Comment 1 Alberto Planas Dominguez 2024-02-12 08:29:39 UTC
@Andrei, just to confirm, your image comes from https://build.opensuse.org/package/show/devel:microos:images/openSUSE-MicroOS ?
Comment 2 Andrei Borzenkov 2024-02-12 08:35:25 UTC
I used the link from the initial announcement:

http://download.opensuse.org/tumbleweed/appliances/openSUSE-MicroOS.x86_64-kvm-and-xen-sdboot.qcow2

Since then, it was being updated from the repositories defined in this image.
Comment 3 Andrei Borzenkov 2024-02-12 17:47:56 UTC
Created attachment 872677 [details]
Script to start VM

Attached is the script I use to start VM. I use ovmf-x86_64-ms-4m-code.bin from openSUSE qemu-ovmf package, I believe it should be qemu-ovmf-x86_64-202308-Virt.1699.263.34.noarch.rpm. The host is Ubuntu 22.04, up to date (with HWE kernel). LD_LIBRARY_PATH is leftover from the local virgl library, I do not think it should be relevant here.
Comment 4 Alberto Planas Dominguez 2024-02-12 21:58:37 UTC
I am trying to reproduce the issue, but I am sure that it is in the VM itself and not in the environment.

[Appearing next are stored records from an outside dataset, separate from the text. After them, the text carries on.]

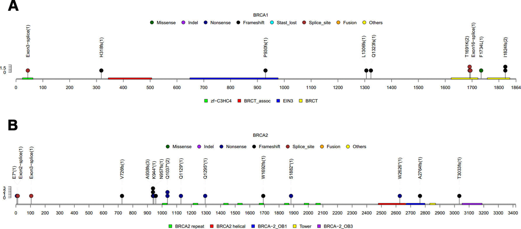 Twenty-nine (5.53%, 29/524) patients carried germline BRCA1/2 mutation; including 11 (2.10%, 11/524) patients with BRCA1 and 18 (3.44%, 18/524) patients with BRCA2 mutations. As shown in Figure 2A–2B, BRCA1 T1691K (n = 2) and I1824fs (n = 2) and BRCA2 A938fs (n = 3) were the most frequent LP/P germline BRCA1/2 mutations in our cohort. In addition, 30 (5.72%) patients carried a total of 38 LP/P mutations in other cancer susceptibility genes beyond BRCA1/2. Mutations in genes beyond BRCA1/2 detected in the cohort included MUTYH (n = 4), PALB2 (n = 4), ATM (n = 3), BRIP1 (n = 3), CDH1 (n = 3), RAD51C (n = 3), CHEK2 (n = 2), FANCA (n = 2), PMS2 (n = 2), TP53 (n = 2), FANCI (n = 1), FANCL (n = 1) and PTEN (n = 1). Interestingly, among the 15 genes with germline mutations, 7 genes belong to Fanconi anaemia family of genes, including BRCA2, PALB2, BRIP1, RAD51C, FANCA, FANCI and FANCL, with 53.4% (31/58) of the patients carrying germline mutations in any of these genes. No LP/P germline mutations were found in the remaining 47 cancer susceptibility genes included in the panel. All the LP/P germline mutations detected in our cohort were listed in Table 2.
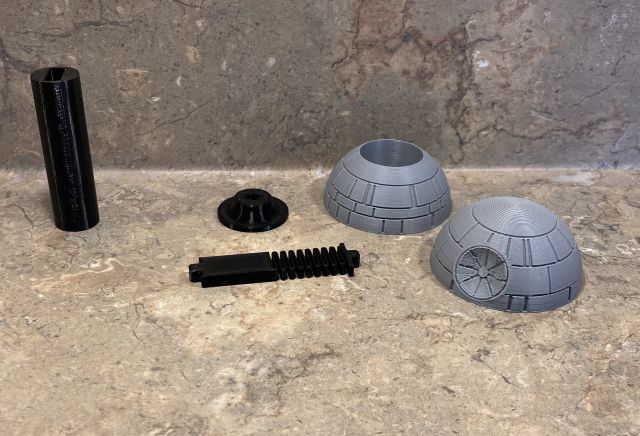 Đây là mô hình Death Star (Ngôi sao chết) trong loạt phim Star Wars phiên bản bobble-head (đầu lắc lư). Đồ chơi này sử dụng phần đế và lò xo in 3D, bên trong đế có một hốc nhỏ để gắn nam châm 8mm.
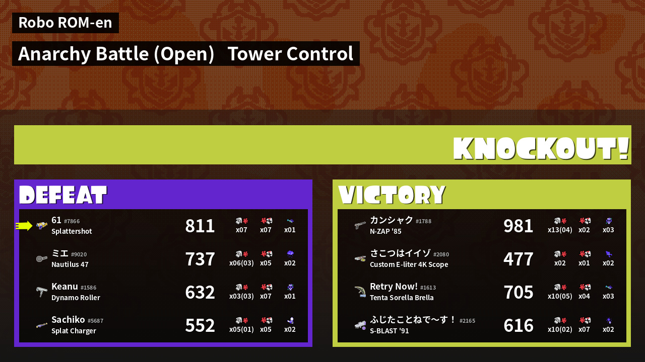 | Mode | Tower Control - Anarchy Battle (Open) | ||
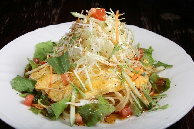 細めのパスタを用いた甘酸っぱくてピリ辛なテイストが楽しめます\(^o^)/
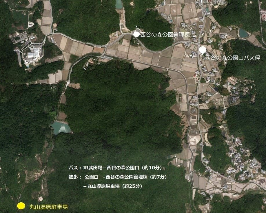 丸山湿原にはトイレはありません。西谷の森公園は月曜休園です。
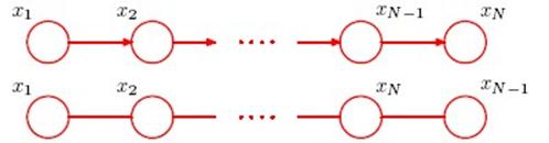 为了求p(xn),就是求xn的边界概率。这里都假设x的值是离散的。如果是连续的,就是积分,为了求这个边界概率,做这个累加动作,如果x的取值是k个,则要做k的(N-1)次方次计算,利用图结构,可以简化计算,这个简化方法就不讲了。

The big candidates are the kernel, initrd or the kernel cmdline (that is pcr4 and pcr9)
Comment 5 Alberto Planas Dominguez 2024-02-19 13:08:03 UTC
@Andrei, do you have secure boot enabled?
Comment 6 Andrei Borzenkov 2024-02-19 13:12:11 UTC
(In reply to Alberto Planas Dominguez from comment #5)
> @Andrei, do you have secure boot enabled?

Yes, I do.
Comment 7 Alberto Planas Dominguez 2024-02-21 17:40:48 UTC
I reproduced it today. Seems that pcr-oracle fails to measure the kernel when secure boot is enabled, as shim is not publishing the DevicePath with the kernel path information.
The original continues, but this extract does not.